EXTRACTED MATERIAL:

****************************************

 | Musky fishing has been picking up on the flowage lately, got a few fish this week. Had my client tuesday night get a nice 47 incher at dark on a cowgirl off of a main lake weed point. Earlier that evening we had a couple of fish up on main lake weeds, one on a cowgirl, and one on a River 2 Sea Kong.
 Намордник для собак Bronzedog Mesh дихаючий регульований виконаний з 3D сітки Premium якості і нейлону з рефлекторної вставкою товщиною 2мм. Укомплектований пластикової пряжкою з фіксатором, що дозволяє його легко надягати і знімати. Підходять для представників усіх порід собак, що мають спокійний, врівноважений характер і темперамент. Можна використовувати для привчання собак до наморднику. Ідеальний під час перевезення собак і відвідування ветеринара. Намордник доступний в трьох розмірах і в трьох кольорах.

****************************************

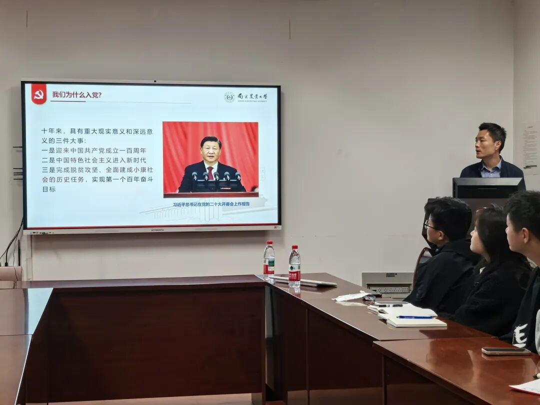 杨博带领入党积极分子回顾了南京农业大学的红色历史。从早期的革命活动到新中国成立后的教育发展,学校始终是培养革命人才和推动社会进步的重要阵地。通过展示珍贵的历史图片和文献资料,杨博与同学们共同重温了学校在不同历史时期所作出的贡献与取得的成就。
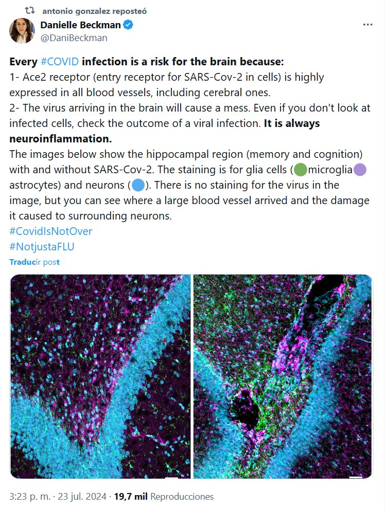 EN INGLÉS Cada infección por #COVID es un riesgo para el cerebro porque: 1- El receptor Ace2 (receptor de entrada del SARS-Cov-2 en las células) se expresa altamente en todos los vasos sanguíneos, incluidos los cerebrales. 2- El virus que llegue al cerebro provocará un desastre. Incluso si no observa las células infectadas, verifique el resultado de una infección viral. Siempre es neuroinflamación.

****************************************

From the data above, output only the lines between the line containing "2 Sea Kong." and the line containing "Намордник для собак", inclusive, exactly as written.

 | Musky fishing has been picking up on the flowage lately, got a few fish this week. Had my client tuesday night get a nice 47 incher at dark on a cowgirl off of a main lake weed point. Earlier that evening we had a couple of fish up on main lake weeds, one on a cowgirl, and one on a River 2 Sea Kong.
 Намордник для собак Bronzedog Mesh дихаючий регульований виконаний з 3D сітки Premium якості і нейлону з рефлекторної вставкою товщиною 2мм. Укомплектований пластикової пряжкою з фіксатором, що дозволяє його легко надягати і знімати. Підходять для представників усіх порід собак, що мають спокійний, врівноважений характер і темперамент. Можна використовувати для привчання собак до наморднику. Ідеальний під час перевезення собак і відвідування ветеринара. Намордник доступний в трьох розмірах і в трьох кольорах.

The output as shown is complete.